*** Exercise data Section Begins ***

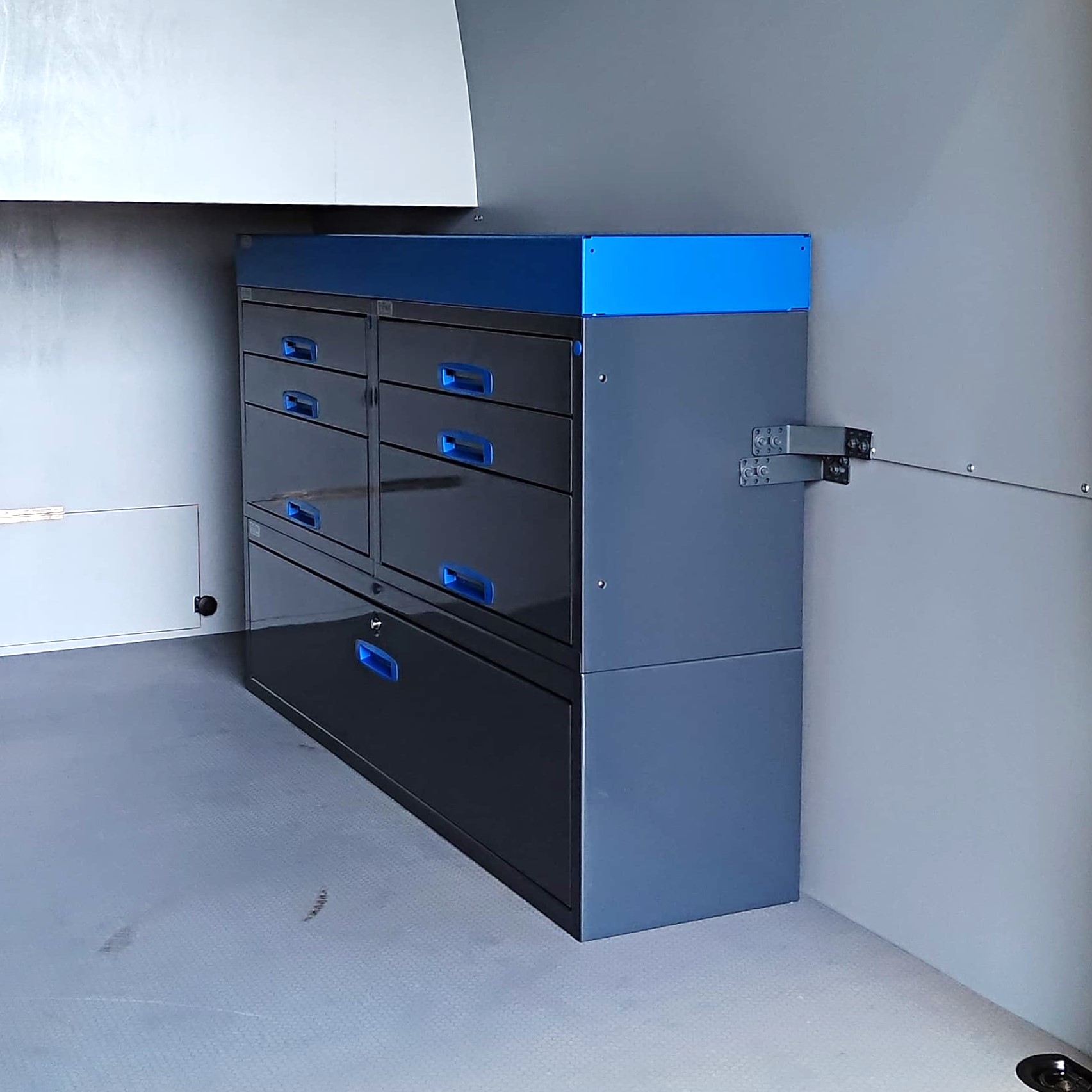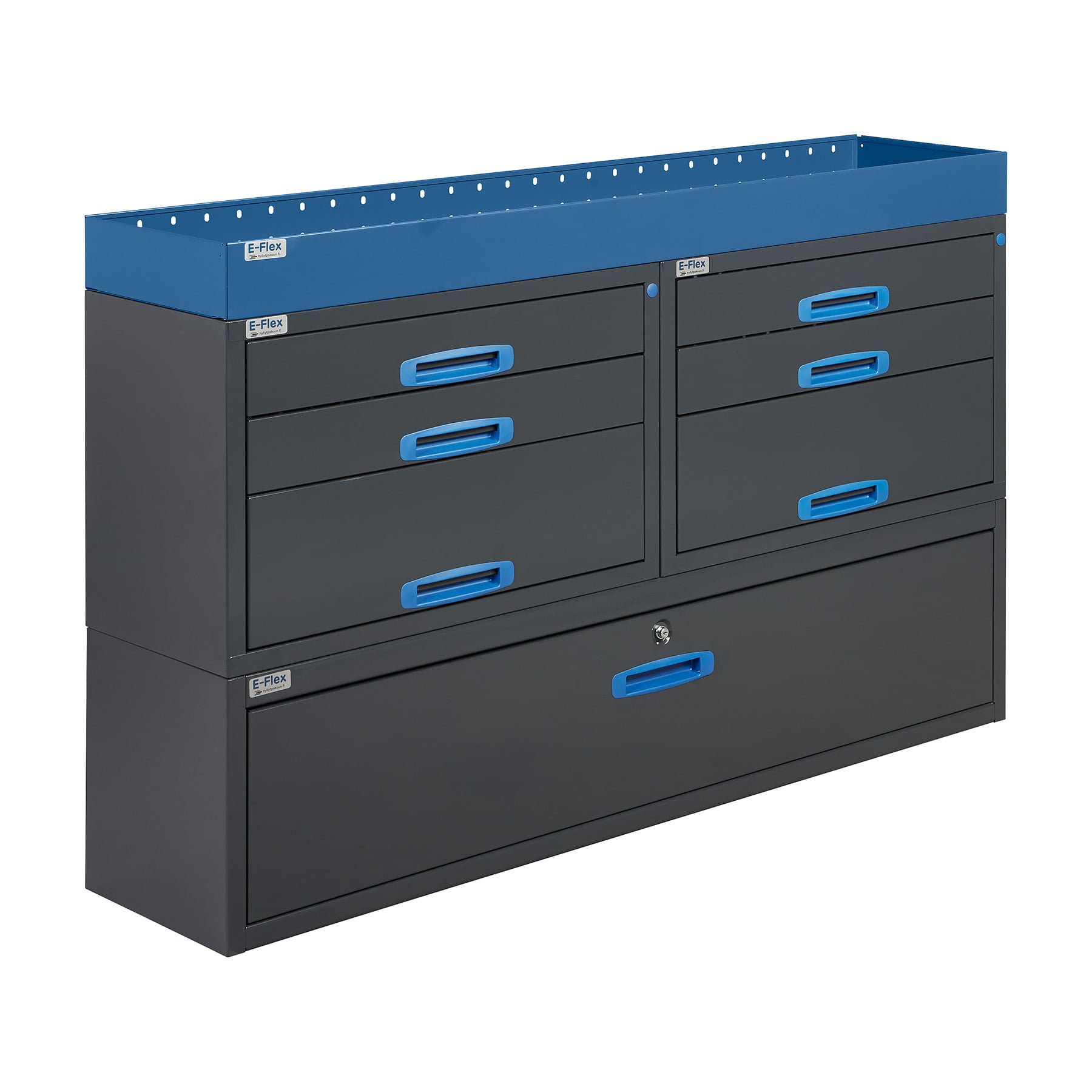 The durable E-Flex van racking units / drawer units are popular and versatile van storage solutions. The unit combines drawer units, open shelves, and other storage spaces. The main color of the units is powder-coated anthracite, with a stylish powder-coated blue as a secondary color. The modular design makes it easy to assemble and install. Due to their modular structure, the units are also highly customizable. The drawer rails are ball-bearing equipped (load capacity 40 kg) and designed specifically for vans, meaning the drawers lock securely in both open and closed positions, preventing them from opening during driving. We offer a 10-year warranty on the products, ensuring that they withstand demanding professional use. Complete your setup with the necessary accessories.
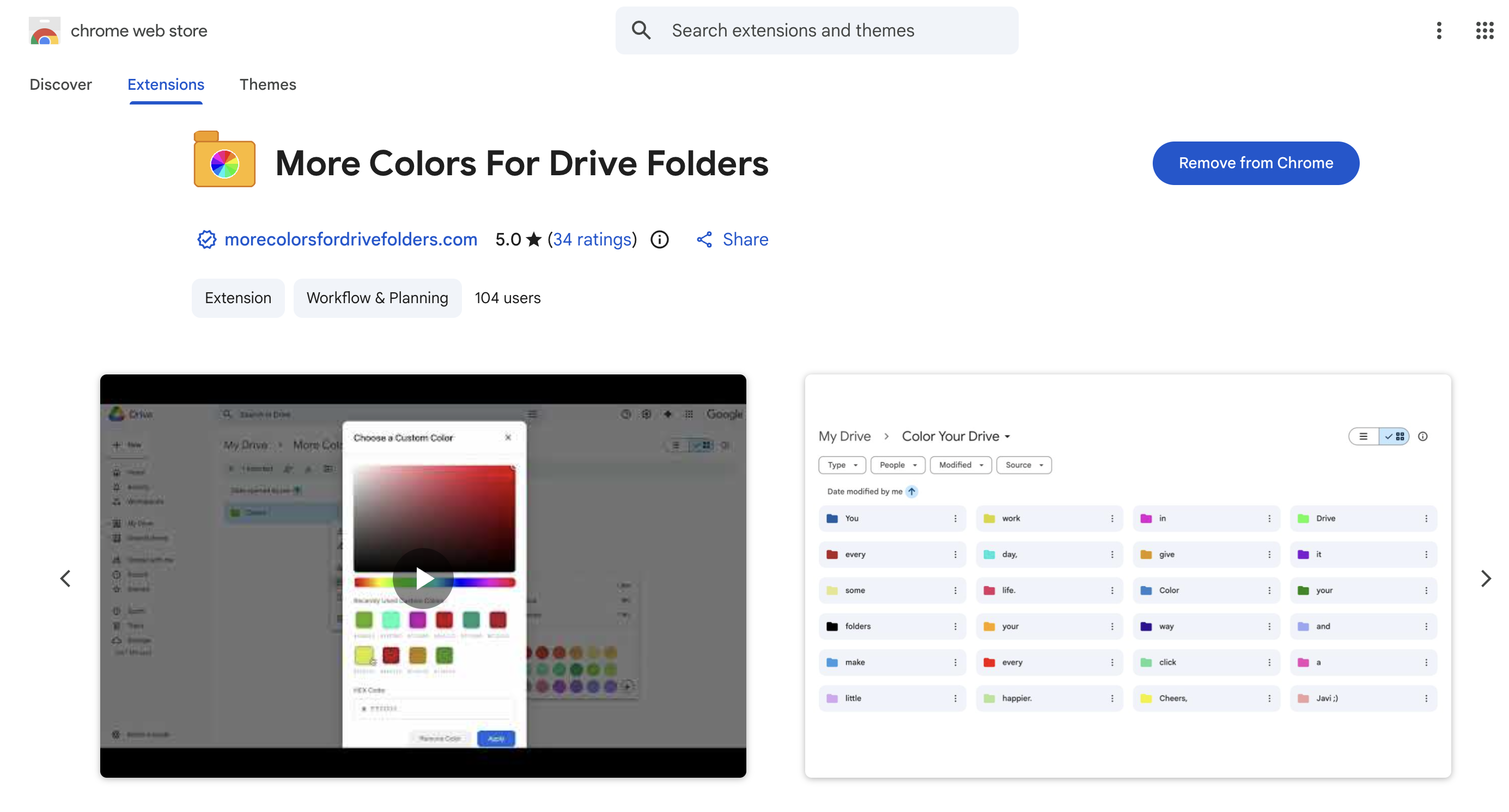 Browser extension that lets you customize Google Drive folders with any color you want.
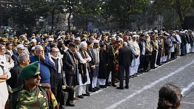 अंतरिम सरकार के प्रमुख सलाहकार प्रोफेसर मोहम्मद यूनुस, प्रधान न्यायाधीश जुबैर रहमान चौधरी और खालिदा जिया के बेटे एवं बीएनपी के कार्यवाहक अध्यक्ष तारिक रहमान विदेशी गणमान्य व्यक्तियों, अंतरिम सरकार के सलाहकारों, विभिन्न राजनीतिक दलों के नेताओं और वरिष्ठ सरकारी एवं सैन्य अधिकारियों के साथ जनाजे की नमाज में शामिल हुए। जिया के बड़े बेटे रहमान ने नमाज से पहले वहां मौजूद लोगों से कहा, ‘‘कृपया अल्लाह से दुआ करें कि उन्हें जन्नत में जगह मिले।’’
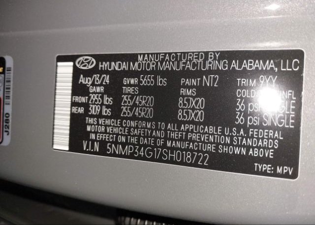 - VIN: 5NMP34G17SH018722
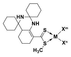 A suspension of 1 mmol of lead (II) or lead(IV) hydrated acetate in 5 mL of hexane/methanol (8:2 v/v) was added drop-wise with stirring, to a solution of 0.3 g (1 mmol) of LNS ligand in 20 mL of hexane. After 1 hour reflux, the colored solid was washed with a minimum amount of diethyl ether and suction collected using a Millipore (0.8 μM) filter. The complexes formed decompose above 150 °C. (LNS)Pb(II): green, yield: 0.3138 g (49 %); (LNS)Pb(IV): olive green, yield: 0.1664 g (26 %). MS (CI) P+•, m/z: [(LNS)Pb(II)], PbC20H32N2S2 calc.: 571.81, found: 571.45; [(LNS)(OH2)Pb(II)], PbC20H34ON2S2 calc.: 589.83, found: 589.60; [(LNS)(CH3CO2)Pb(II)], PbC22H35O2N2S2 calc.: 630.86, found: 630.60; [(LNS)Pb(IV)], PbC20H32N2S2 calc.: 571.81, found: 571.25; [(LNS)(OH2)Pb(IV)], PbC20H34ON2S2 calc.: 589.83, found: 589.50; [(LNS)(CH3CO2)Pb(VI)], PbC22H35O2N2S2 calc.: 630.86, found: 630.60. FTIR vibrational spectra band positions and assignments, n (cm-1) (s = strong, m = medium, w = weak, br = broad); (LNS)Pb(II): n(O-H), 3500m; n(N-H), 3448m,br and 3288m; n(C-H), 2932m; na(C=C)+na(C=N)+na(C(=O)O), 1589s; ns(C=C), 1442s; ns(C=N)+na(C=S), 1414s; ns(C(=O)O), 1348m; na(S- CH -), 1248m; r-CH , 936m; n (CSS-), 886w; n (CSS-), 662w. (LNS)Pb(IV): 3508m; 3448w, 3288m; 2932m; 1589s; 1442s; 1422s; 1348m; 1248m; 936m; 886w; 662w. Electronic spectral data, λ (cm-1) (e , M-1cm-1); (LNS)Pb(II): 240(9,469); 317(8,688); 400(19,263); 537(210). (LNS)Pb(IV): 239(9,313), 316(12,286); 400(27,731).

*** Exercise data Section Ends ***

#### Problem details:
Write out all of the records above. Keep them exact and leave out the pictures.

#### Exercise result:
 The durable E-Flex van racking units / drawer units are popular and versatile van storage solutions. The unit combines drawer units, open shelves, and other storage spaces. The main color of the units is powder-coated anthracite, with a stylish powder-coated blue as a secondary color. The modular design makes it easy to assemble and install. Due to their modular structure, the units are also highly customizable. The drawer rails are ball-bearing equipped (load capacity 40 kg) and designed specifically for vans, meaning the drawers lock securely in both open and closed positions, preventing them from opening during driving. We offer a 10-year warranty on the products, ensuring that they withstand demanding professional use. Complete your setup with the necessary accessories.
 Browser extension that lets you customize Google Drive folders with any color you want.
 अंतरिम सरकार के प्रमुख सलाहकार प्रोफेसर मोहम्मद यूनुस, प्रधान न्यायाधीश जुबैर रहमान चौधरी और खालिदा जिया के बेटे एवं बीएनपी के कार्यवाहक अध्यक्ष तारिक रहमान विदेशी गणमान्य व्यक्तियों, अंतरिम सरकार के सलाहकारों, विभिन्न राजनीतिक दलों के नेताओं और वरिष्ठ सरकारी एवं सैन्य अधिकारियों के साथ जनाजे की नमाज में शामिल हुए। जिया के बड़े बेटे रहमान ने नमाज से पहले वहां मौजूद लोगों से कहा, ‘‘कृपया अल्लाह से दुआ करें कि उन्हें जन्नत में जगह मिले।’’
 - VIN: 5NMP34G17SH018722
 A suspension of 1 mmol of lead (II) or lead(IV) hydrated acetate in 5 mL of hexane/methanol (8:2 v/v) was added drop-wise with stirring, to a solution of 0.3 g (1 mmol) of LNS ligand in 20 mL of hexane. After 1 hour reflux, the colored solid was washed with a minimum amount of diethyl ether and suction collected using a Millipore (0.8 μM) filter. The complexes formed decompose above 150 °C. (LNS)Pb(II): green, yield: 0.3138 g (49 %); (LNS)Pb(IV): olive green, yield: 0.1664 g (26 %). MS (CI) P+•, m/z: [(LNS)Pb(II)], PbC20H32N2S2 calc.: 571.81, found: 571.45; [(LNS)(OH2)Pb(II)], PbC20H34ON2S2 calc.: 589.83, found: 589.60; [(LNS)(CH3CO2)Pb(II)], PbC22H35O2N2S2 calc.: 630.86, found: 630.60; [(LNS)Pb(IV)], PbC20H32N2S2 calc.: 571.81, found: 571.25; [(LNS)(OH2)Pb(IV)], PbC20H34ON2S2 calc.: 589.83, found: 589.50; [(LNS)(CH3CO2)Pb(VI)], PbC22H35O2N2S2 calc.: 630.86, found: 630.60. FTIR vibrational spectra band positions and assignments, n (cm-1) (s = strong, m = medium, w = weak, br = broad); (LNS)Pb(II): n(O-H), 3500m; n(N-H), 3448m,br and 3288m; n(C-H), 2932m; na(C=C)+na(C=N)+na(C(=O)O), 1589s; ns(C=C), 1442s; ns(C=N)+na(C=S), 1414s; ns(C(=O)O), 1348m; na(S- CH -), 1248m; r-CH , 936m; n (CSS-), 886w; n (CSS-), 662w. (LNS)Pb(IV): 3508m; 3448w, 3288m; 2932m; 1589s; 1442s; 1422s; 1348m; 1248m; 936m; 886w; 662w. Electronic spectral data, λ (cm-1) (e , M-1cm-1); (LNS)Pb(II): 240(9,469); 317(8,688); 400(19,263); 537(210). (LNS)Pb(IV): 239(9,313), 316(12,286); 400(27,731).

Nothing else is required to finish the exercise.